Artikel mit ‘Skurril’ getagged

Die Lady im Lieferwagen - Alan Bennett

Dienstag, 15. September 2009

Das Buch vereint gleich 3 Vorzüge in einem: erschienen im Wagenbach Verlag, den ich sehr schätze, geschrieben von Alan Bennett, den ich seit „Die souveräne Leserin“ einfach klasse finde UND: es ist einfach eine tolle, irrwitzige Geschichte. Miss Shepherd gehört der Lieferwagen, der irgendwann in der Einfahrt steht – und dort bleibt er 20(!) Jahre. Bennett hat über die Schrullen und Einfälle dieser sehr ungewöhnlichen Frau Tagebuch geführt…die in diesem Lieferwagen Kommandozentrale, Wohnstatt und Denkerklause vereint. Einfach ein herrliches Stück britischer Komik.

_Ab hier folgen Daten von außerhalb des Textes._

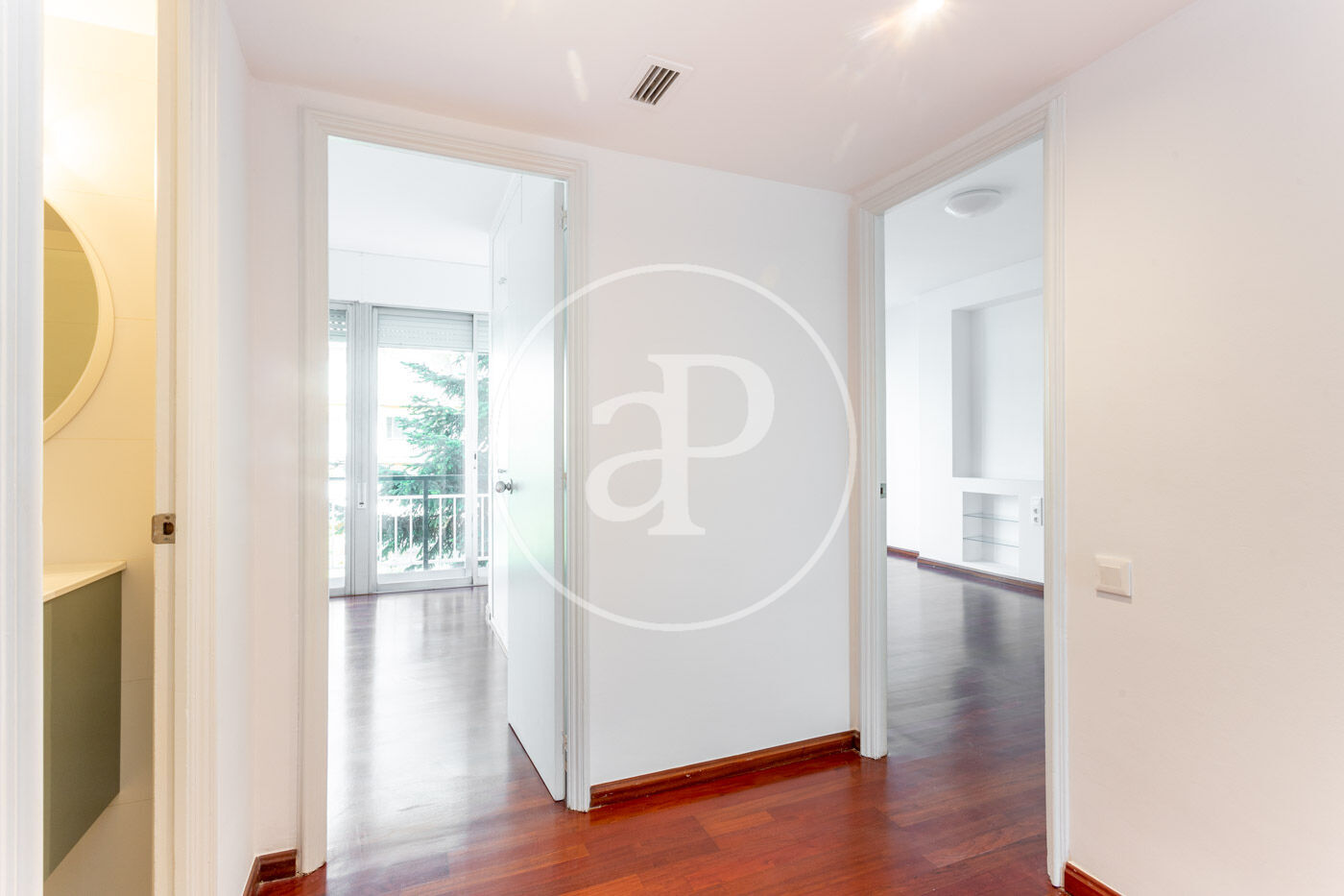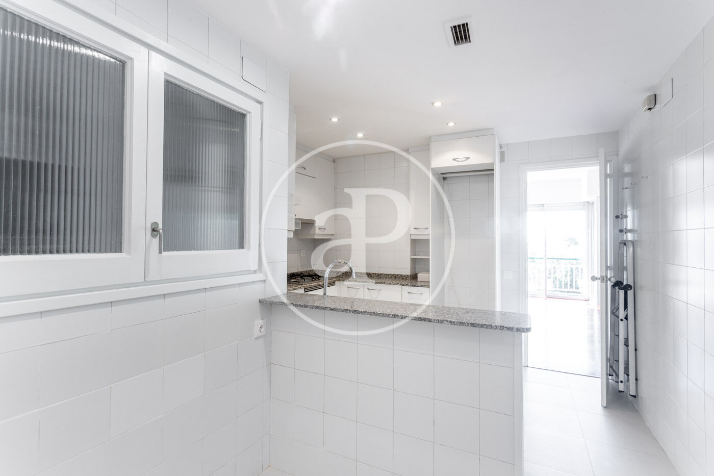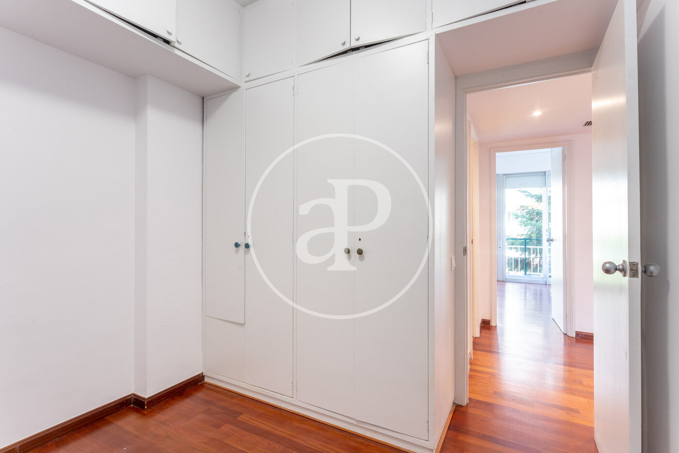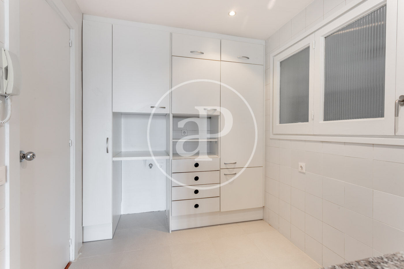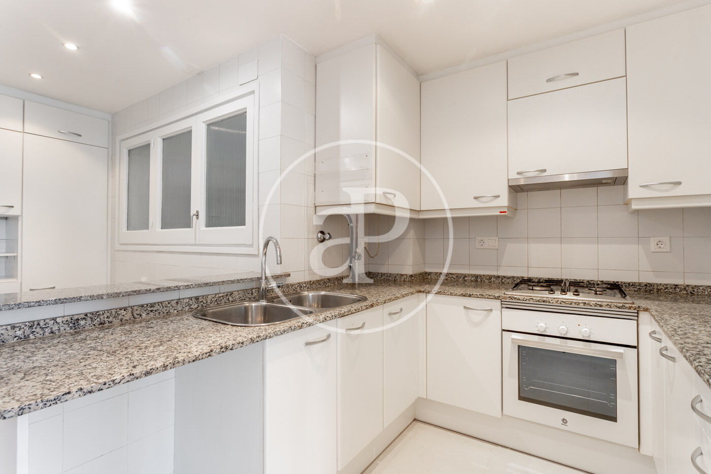 Ubicada en la parte alta de Sarrià, una zona con excesiva tranquilidad, cerca de los colegios internacionales, Benjamin Franklin, Oak house, St George- British School, Sagrado Corazón, se encuentra este precioso piso de lujo de 3 habitaciones.  En la zona de día encontramos el soleado salón-comedor con muchos ventanales por donde se pueden disfrutar de unas magníficas vistas al parque y visualizar el mar. Frente al salón, accedemos a una pequeña terraza muy tranquila y disfrutable de 7 metros. La cocina es abierta al salón con isla central y con todos sus electrodomésticos de alta gama, (electrodomésticos gaggenau), detrás, se accede a la zona de aguas y a un cuarto que puede servir de despensa. Además, cuenta con un aseo de cortesía. La zona de noche cuenta con 3 habitaciones dobles: la principal en suite y las otras dos comparten un baño. Todas las habitaciones son exteriores con preciosas vistas y disponen de armarios.  Todos los muebles son de diseño de alta gama, hechos a medida y de máxima calidad. El piso funciona con un sistema de domótica y las ventanas tienen incorporada la tecnología K-Line. Los suelos de parqué, A/A por conductos y calefacción con suelo radiante. Dispone también de persianas eléctricas.  El edificio dispone de zonas comunitarias como gimnasio, una sala grande con cocina para celebrar eventos con los amigos y piscina exterior, que dispone del sistema de nado a contracorriente. También dispone de servicio de conserjería y ascensor. El piso se alquila con 4 plazas de parking para coche y una para motos. Está equipado para cargar coches eléctricos.  También despone de un trastero de 6 m2.    * En cumplimiento de la Ley 12/2023 y la Llei 18/2007 informamos que:Índice de R.P.LL: 23,18 € / m2 Respecto a la presente propiedad no existe certificado informativo estatal de referencia de precios de alquiler

Ein paar Leute suchen das Glück und lachen sich tot - Sibylle Berg

Donnerstag, 20. März 2008

Das hat mir richtig gut gefallen, lauter kurze Fragmente von Menschen zwischen 16 und 80, die auf irgendeiner Art zusammengehören, aber auch wieder nicht. Herrliche Schilderungen. In vielem erkennt man sich doch erschreckt wieder. Und doch, überall blitzt nochmal Hoffnung auf. Vielleicht gibt es das große Glück ja doch noch, nach all dem Scheiß? Klasse! Von ihr werde ich ganz sicher noch mehr lesen!

Freaks - Joey Goebel

Donnerstag, 20. März 2008

Toll! Nur 192 Seiten und doch hab ich nicht das Gefühl das irgendwas zu kurz gekommen sei. Eine Band die aus völlig unterschiedlichen Leuten besteht, das jüngste Mitglied ist etwa 8, die älteste schon weit über 70. Und trotzdem. Sie rocken. Sie wollen auf die Bühne. Und überhaupt: normal sind die alle nicht. Und es macht grandiosen Spaß das zu lesen!

Das Albtraumreich des Edward Moon - Jonathan Barnes

Donnerstag, 20. März 2008

Kann man sich vormerken, wenn man eine Vorliebe für Skurriles, mittelmässig ekelhaftes und eine verwundene Story hat. Irgendwie hat es auch Witz und einige richtig gute Szenen, ein paar ungewöhnliche Charaktere - ein Fantasyhistorisch-abgedrehter Roman. Aber wie gesagt - es ist wirklich sehr gewöhnungsbedürftig, aber ich glaube trotzdem das es seine Fans findet.

Bücher auf Rädern - Ian Sansom

Montag, 01. Januar 2007

Also das war echt spannend :) Die Geschichte dieses etwas naiven britischen Bibliothekars dessen erste “Amtshandlung” darin besteht, 15.000 gestohlene Bücher wieder aufzustöbern und wie die Einheimischen ihn dabei “unterstützen”, das ist teilweise richtig komisch, man erfährt noch so einiges über Irland und Gepflogenheiten und mir gings jedenfalls so das ich am Ende riiichtig gespannt auf die “Lösung” war. Und vorallem - das Buch hätte ruhig länger sein können, grade hatte man die Charaktere ins Herz geschlossen.